> _Task prompt_
Quote from the first line below through the line that contains "Moon-shaped crystals are", both included, and leave the pictures out.

> _Dataset excerpts_
**********
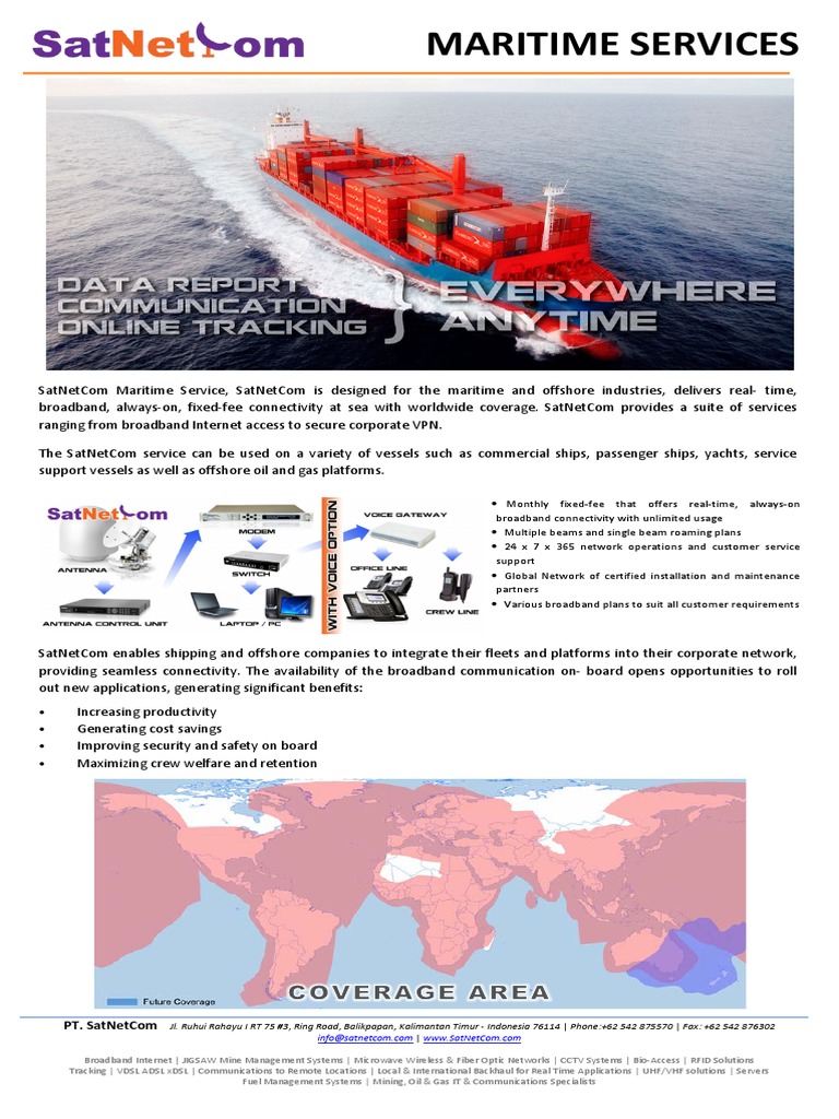 SatNetCom Maritime Service, SatNetCom is designed for the maritime and offshore industries, delivers real- time,
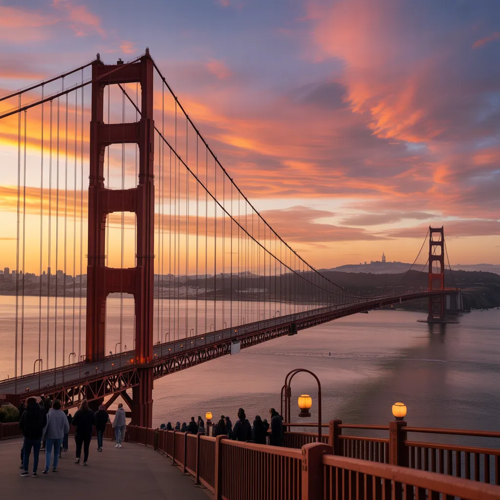 Tourists frequently take stunning photographs at different viewpoints, each offering a different perspective of the bridge's impressive towers and sweeping cables. The surrounding Golden Gate National Park presents opportunities for further exploration, with trails taking visitors to scenic overlooks. As the sun sets, the bridge transforms under the warm glow of twilight, making it a perfect spot for both reflection and adventure. The Golden Gate Bridge remains an unforgettable experience for all who venture to San Francisco.
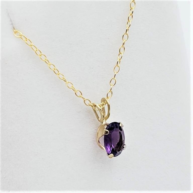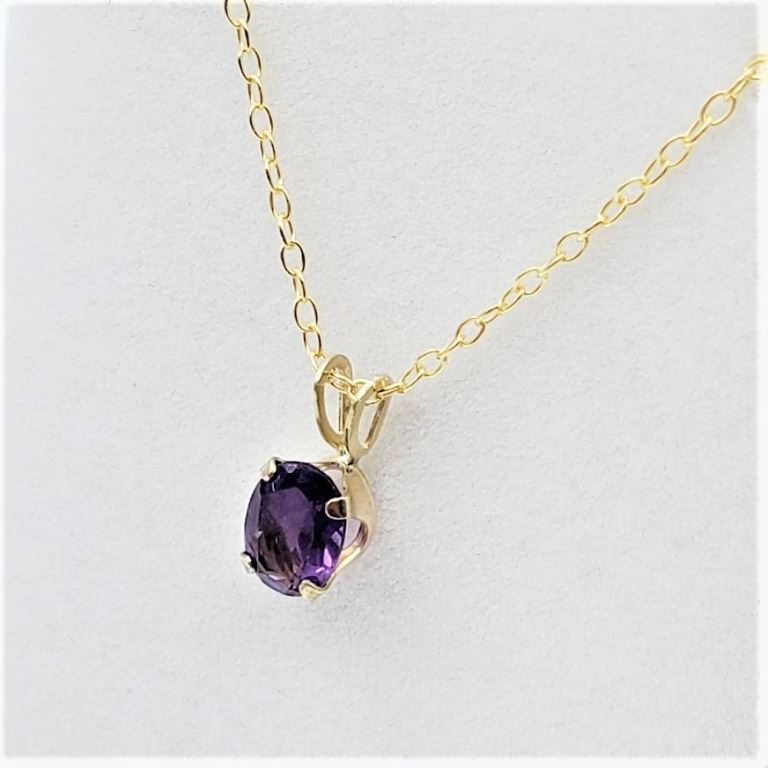 NEW 10KT. YELLOW GOLD 7MM X 5MM GENUINE AMETHYST PENDANT WITH STERLING CHAIN, 0.64CTS, W/A $725.00
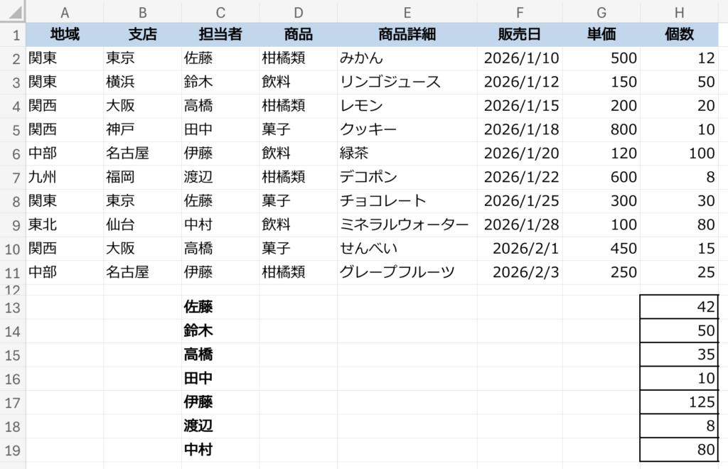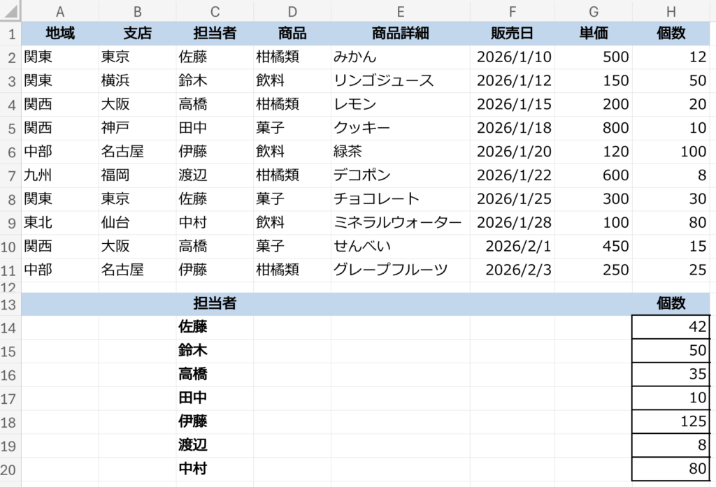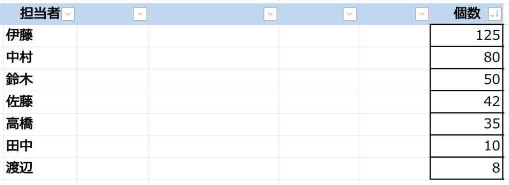 こんな風に、担当者がそれぞれいくつ販売したのか個数がわかりました。
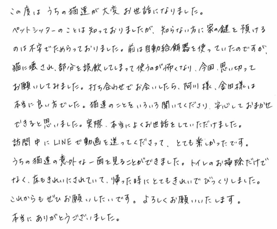 ペットシッターのことは知っておりましたが、知らない方に家の鍵を預けるのは不安でためらっておりました。
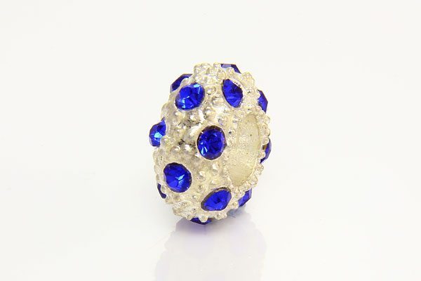 A beautiful Pandora Style Cobalt Blue with Silver Marcasite Small Donut crystal studded bead with a 4mm hole. They make an excellent addition to your jewellery.
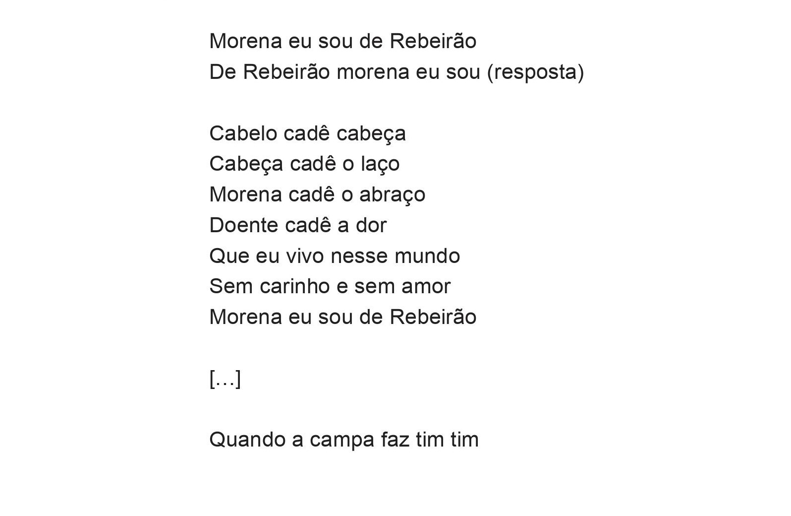 Vejamos agora “Morena eu sou de Rebeirão”:
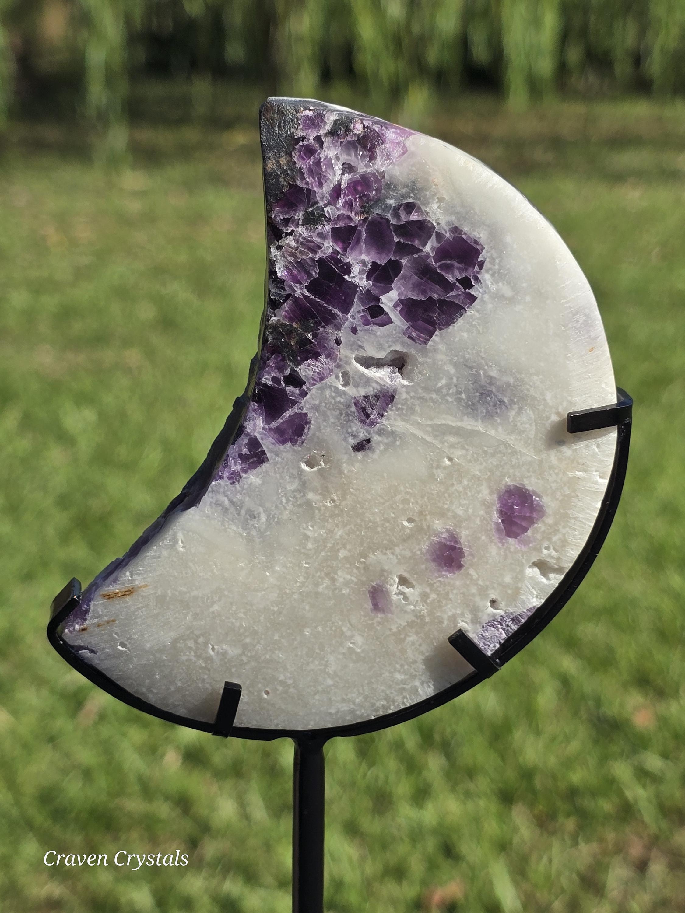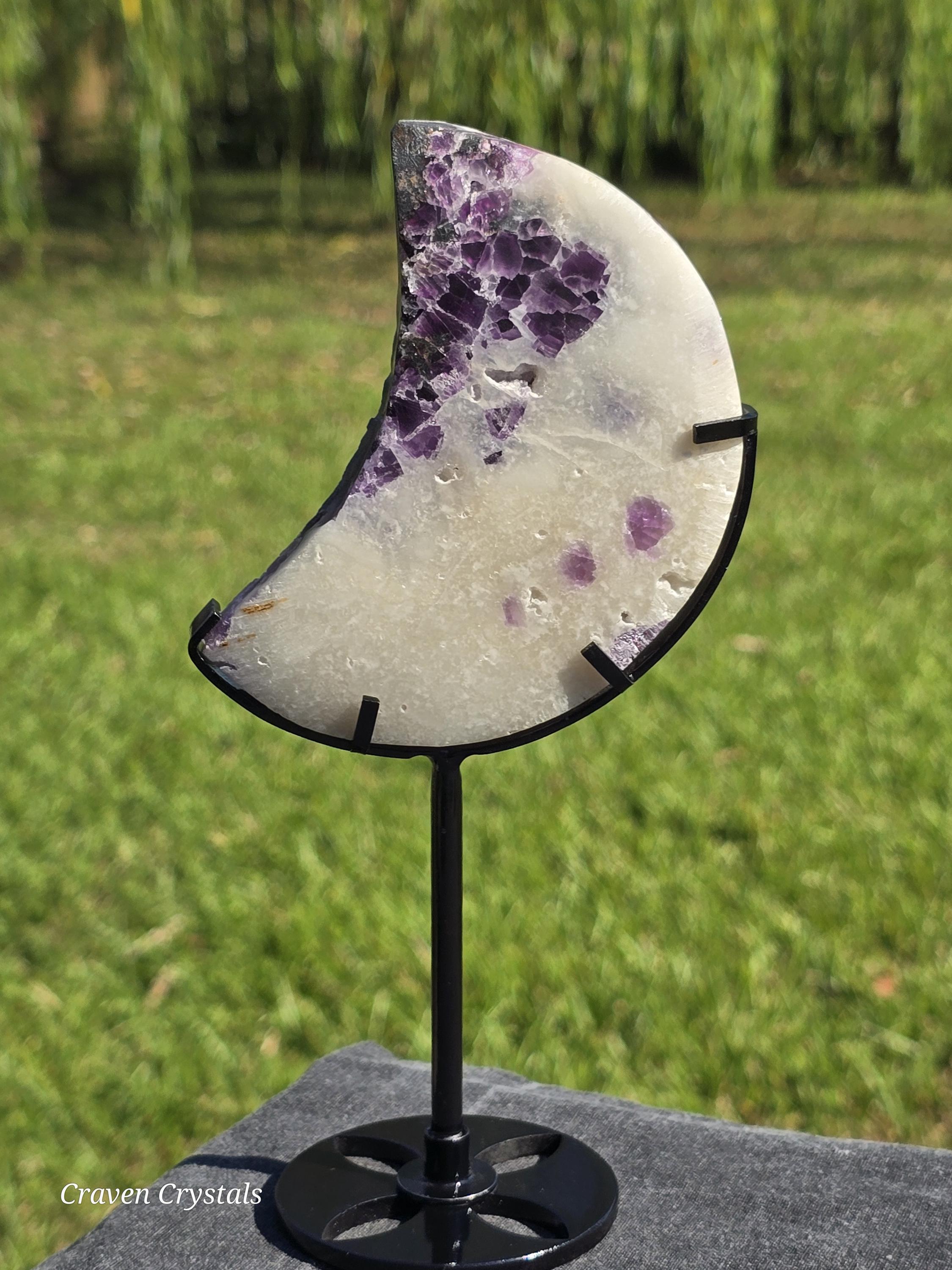 Moon-shaped crystals are often associated with lunar energy and the moon's cycles. The moon is linked to feminine energy, intuition, emotions, and the ebb and flow of life. Crystals shaped like moons are used to harness and amplify these lunar qualities.
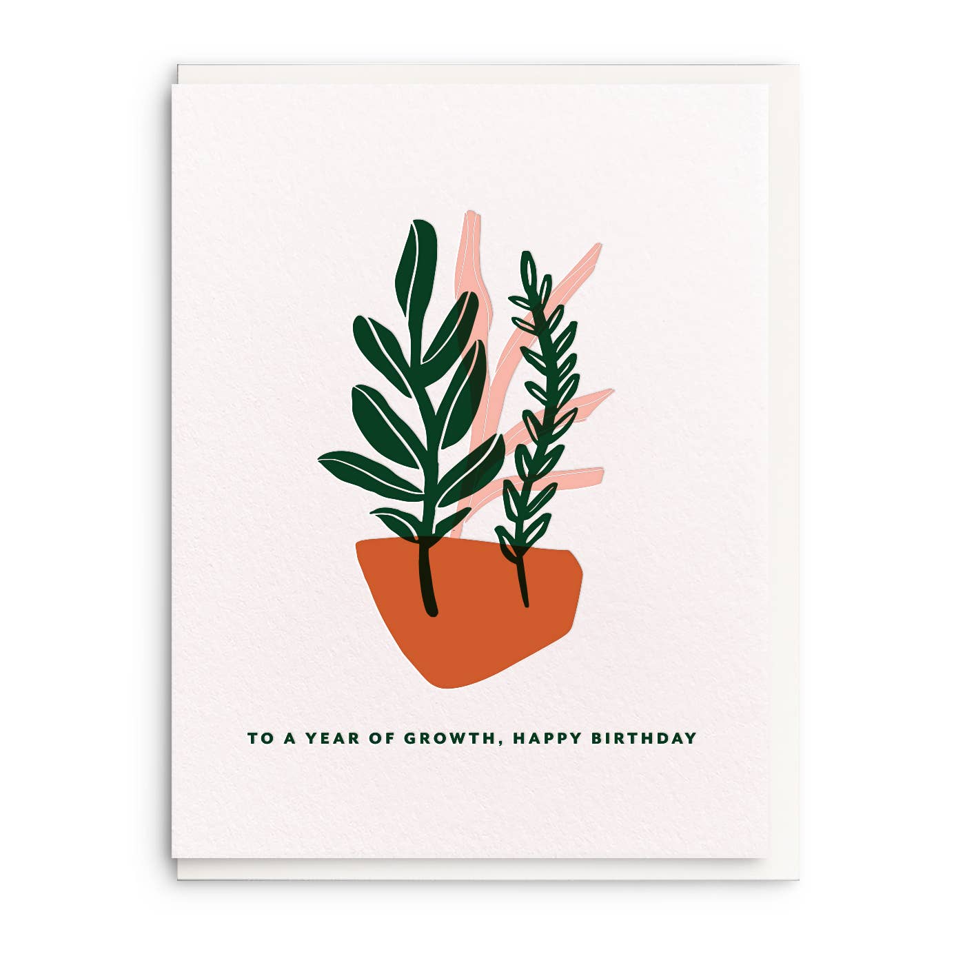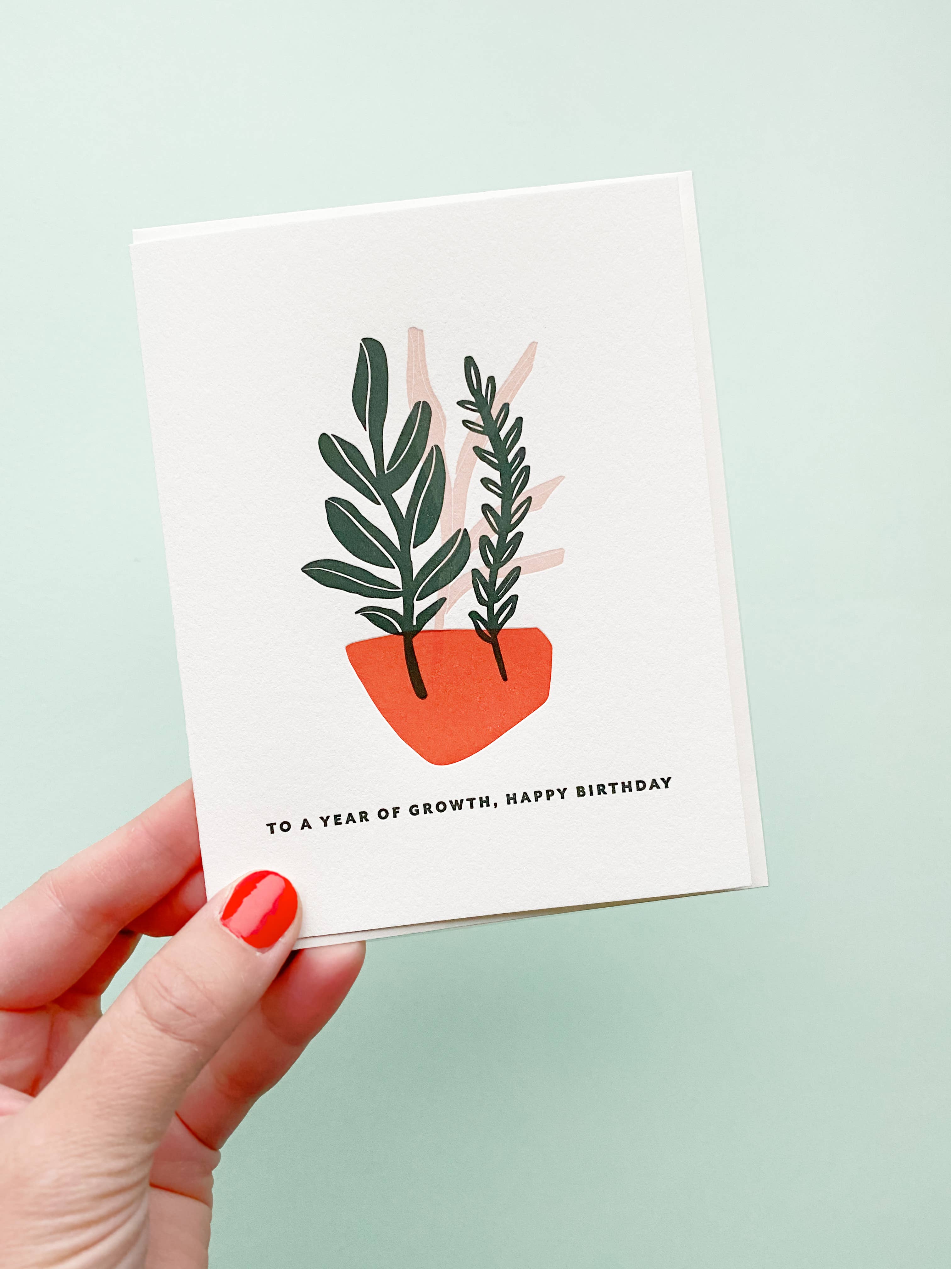 CELEBRATE A YEAR OF GROWTH WITH THIS CARD! Featuring a vibrant plant illustration, this card is perfect for nature lovers and those who need a boost of encouragement for the year ahead. This card will be a wonderful space to convey your heartfelt wishes with its welcoming typography and eye-catching color palette! Blank inside for your personal message, this greeting is hand illustrated and letterpress printed on plush paper, and comes with a coordinating envelope. Single, hand illustrated greeting card letterpress printed on plush 100% cotton paper. Made in the USA. includes: 1 card + 1 envelope // size: 4.25 x 5.5" folded // packaging: cellophane sleeve // interior: blank // minimum: 6 per design style // Made in the USA
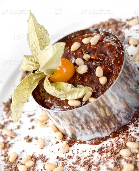 Шоколадное ризотто крупным планом, изолировано на белом фоне
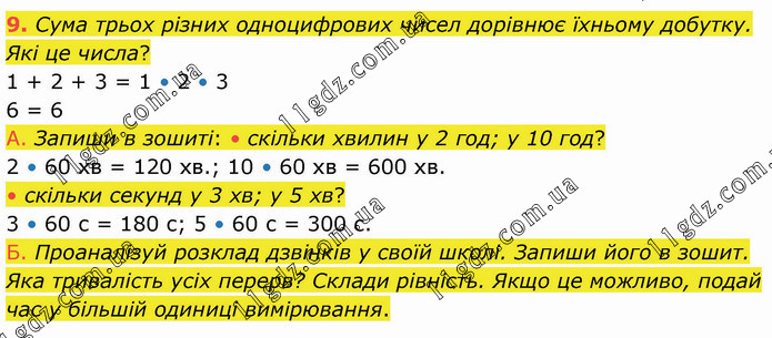 Сума трьох різних одноцифрових чисел дорівнює їхньому добутку. Які це числа? 1 + 2 + 3 = 1 • 2 • 3 6 = 6 А. Запиши в зошиті: • скільки хвилин у 2 год; у 10 год? 2 • 60 хв = 120 хв.; 10 • 60 хв = 600 хв. • скільки секунд у 3 хв; у 5 хв? 3 • 60 с = 180 с; 5 • 60 с = 300 с. Б. Проаналізуй розклад дзвінків у своїй школі. Запиши його в зошит. Яка тривалість усіх перерв? Склади рівність. Якщо це можливо, подай час у більшій одиниці вимірювання.
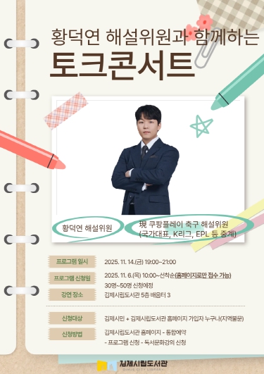 [뉴스스텝] 김제시립도서관은 오는 14일 금요일 19시부터 도서관 5층 배움터 3에서 ‘황덕연 해설위원과 함께하는 토크콘서트 내 꿈을 읽는 도서관’을 진행한다고 밝혔다
**********
> _Final answer_
 SatNetCom Maritime Service, SatNetCom is designed for the maritime and offshore industries, delivers real- time,
 Tourists frequently take stunning photographs at different viewpoints, each offering a different perspective of the bridge's impressive towers and sweeping cables. The surrounding Golden Gate National Park presents opportunities for further exploration, with trails taking visitors to scenic overlooks. As the sun sets, the bridge transforms under the warm glow of twilight, making it a perfect spot for both reflection and adventure. The Golden Gate Bridge remains an unforgettable experience for all who venture to San Francisco.
 NEW 10KT. YELLOW GOLD 7MM X 5MM GENUINE AMETHYST PENDANT WITH STERLING CHAIN, 0.64CTS, W/A $725.00
 こんな風に、担当者がそれぞれいくつ販売したのか個数がわかりました。
 ペットシッターのことは知っておりましたが、知らない方に家の鍵を預けるのは不安でためらっておりました。
 A beautiful Pandora Style Cobalt Blue with Silver Marcasite Small Donut crystal studded bead with a 4mm hole. They make an excellent addition to your jewellery.
 Vejamos agora “Morena eu sou de Rebeirão”:
 Moon-shaped crystals are often associated with lunar energy and the moon's cycles. The moon is linked to feminine energy, intuition, emotions, and the ebb and flow of life. Crystals shaped like moons are used to harness and amplify these lunar qualities.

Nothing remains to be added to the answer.